§ Source material:
*** Block opens ***
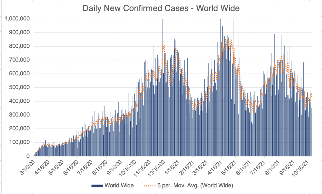 Globally, new cases are at a peak, but reducing for now. However, many countries are starting to experience increasing numbers of Omicron cases.
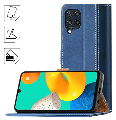 Mulbess Cover per Samsung Galaxy M32 4G / A22 4G, Custodia Sintetica in Pelle, Tasca Slot Carta, Supporto Stand, Magnetica Chiusura Case, Elegante Diamante Blu
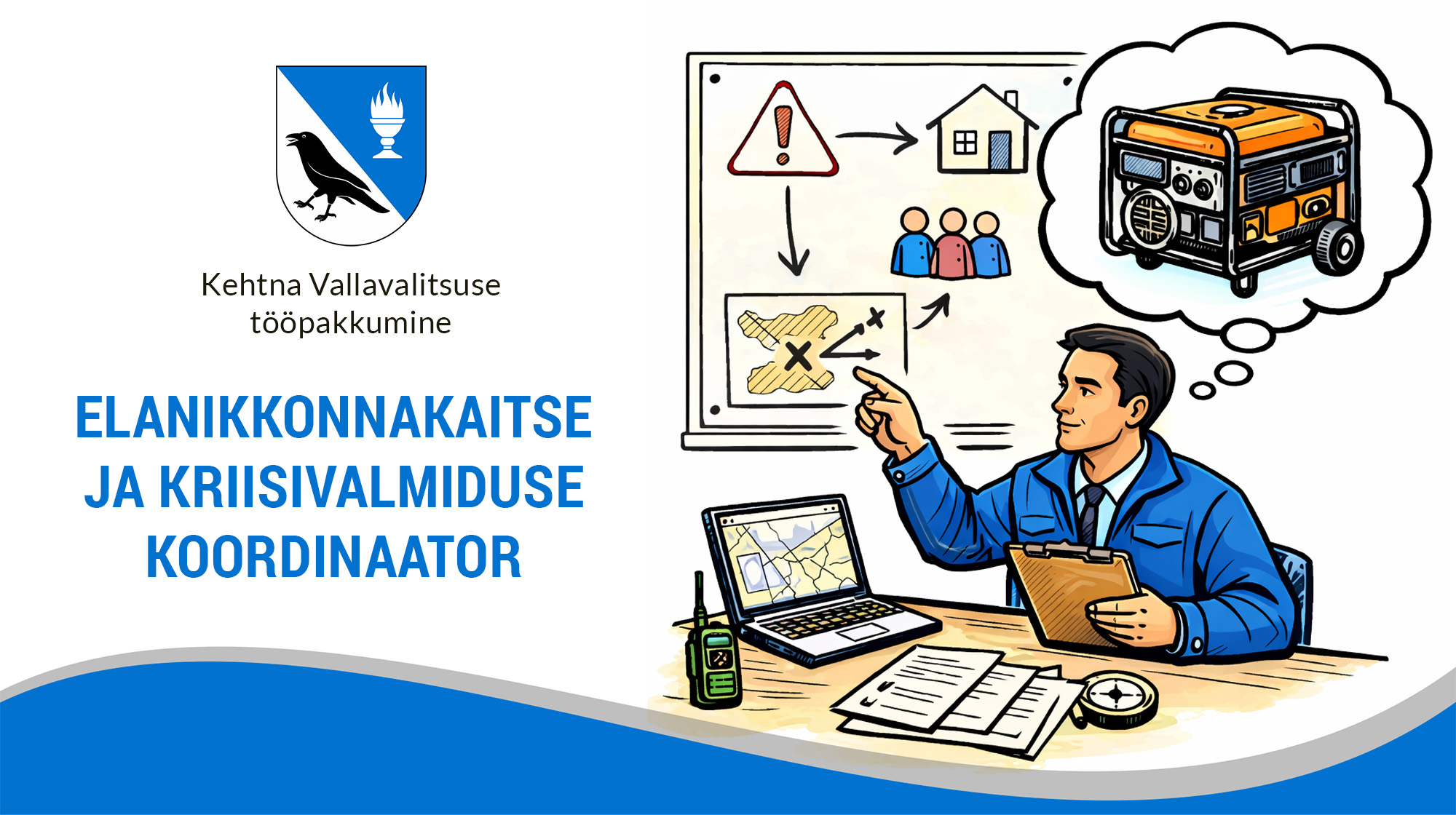 Töökoha peamine eesmärk on Kehtna valla haldusterritooriumil kohaliku omavalitsuse kriisideks ettevalmistamise ja elanikkonna kaitse alase tegevuse arendamine, planeerimine ning koordineerimine.
*** Block closes ***
§ Prompt: Nothing but the pictures should be left out when the listing is repeated exactly.

§ Response below:
 Globally, new cases are at a peak, but reducing for now. However, many countries are starting to experience increasing numbers of Omicron cases.
 Mulbess Cover per Samsung Galaxy M32 4G / A22 4G, Custodia Sintetica in Pelle, Tasca Slot Carta, Supporto Stand, Magnetica Chiusura Case, Elegante Diamante Blu
 Töökoha peamine eesmärk on Kehtna valla haldusterritooriumil kohaliku omavalitsuse kriisideks ettevalmistamise ja elanikkonna kaitse alase tegevuse arendamine, planeerimine ning koordineerimine.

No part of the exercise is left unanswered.